**Requirement:**
Without any images, write the data out exactly as it appears.

**Given material:**
Segment Open

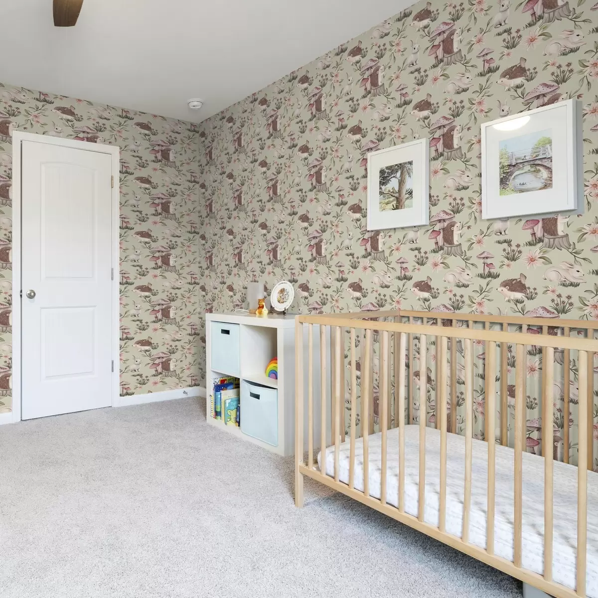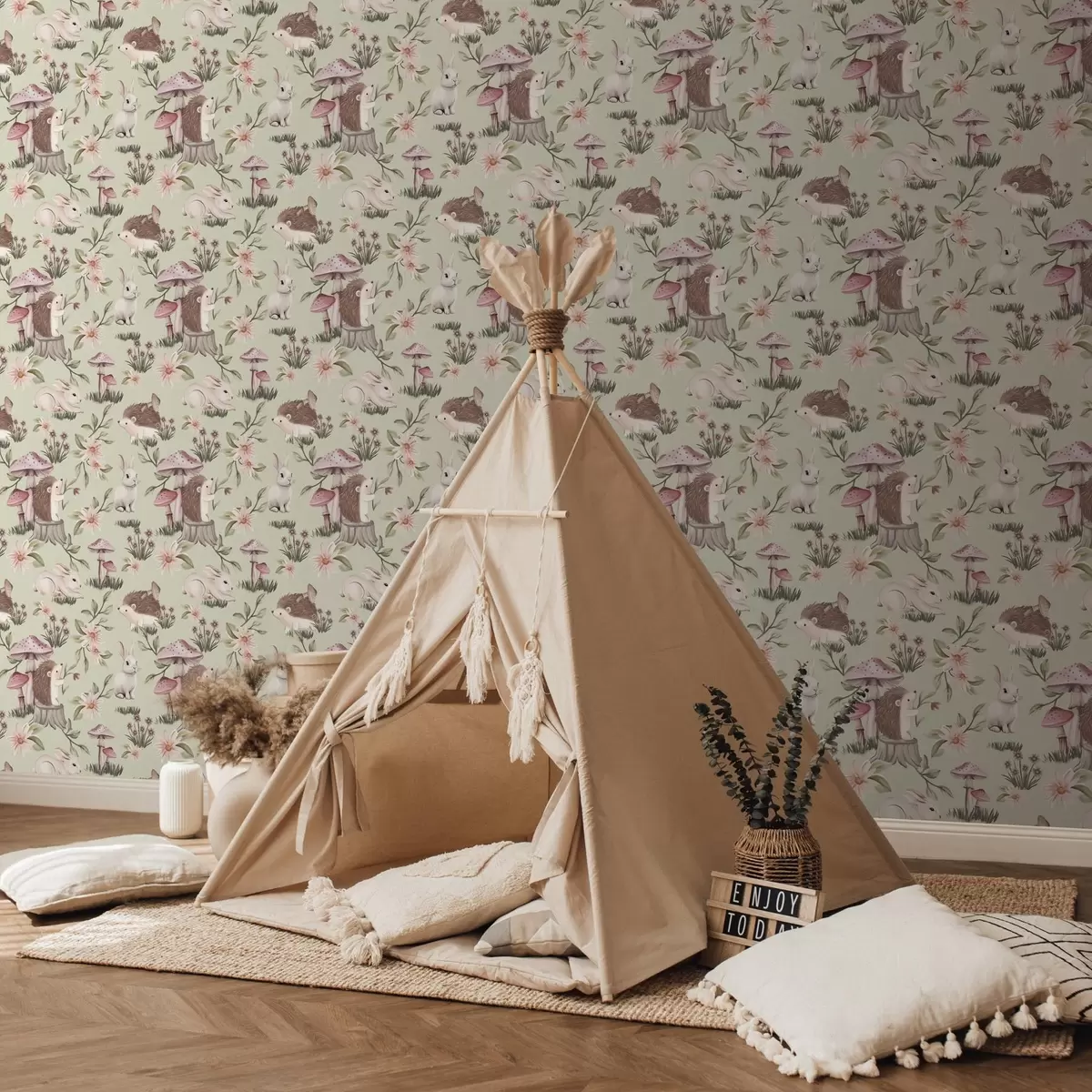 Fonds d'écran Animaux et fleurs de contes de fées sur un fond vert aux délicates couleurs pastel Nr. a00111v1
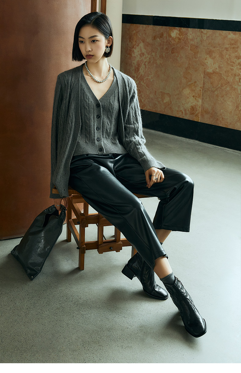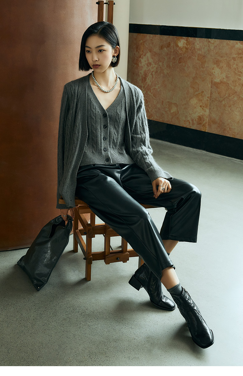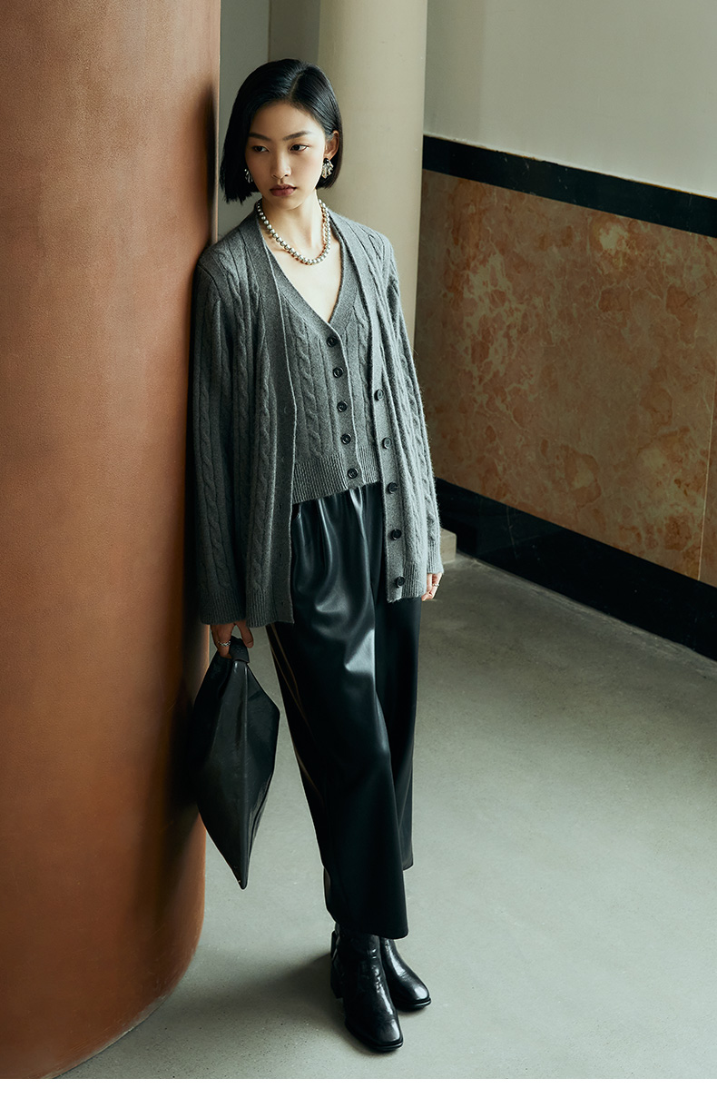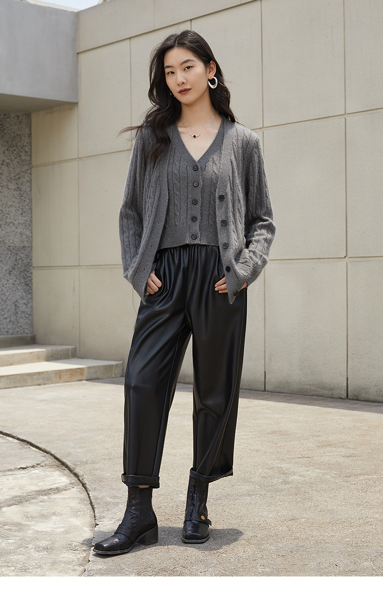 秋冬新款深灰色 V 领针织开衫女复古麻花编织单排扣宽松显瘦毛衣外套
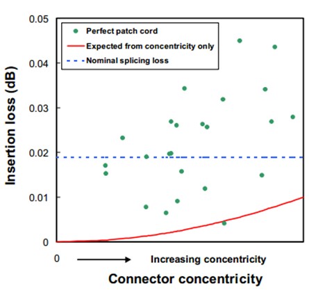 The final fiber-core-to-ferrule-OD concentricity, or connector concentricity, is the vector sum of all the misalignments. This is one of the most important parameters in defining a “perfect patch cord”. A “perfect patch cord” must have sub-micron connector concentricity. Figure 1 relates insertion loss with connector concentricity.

Segment Closed

**Response to the exercise:**
 Fonds d'écran Animaux et fleurs de contes de fées sur un fond vert aux délicates couleurs pastel Nr. a00111v1
 秋冬新款深灰色 V 领针织开衫女复古麻花编织单排扣宽松显瘦毛衣外套
 The final fiber-core-to-ferrule-OD concentricity, or connector concentricity, is the vector sum of all the misalignments. This is one of the most important parameters in defining a “perfect patch cord”. A “perfect patch cord” must have sub-micron connector concentricity. Figure 1 relates insertion loss with connector concentricity.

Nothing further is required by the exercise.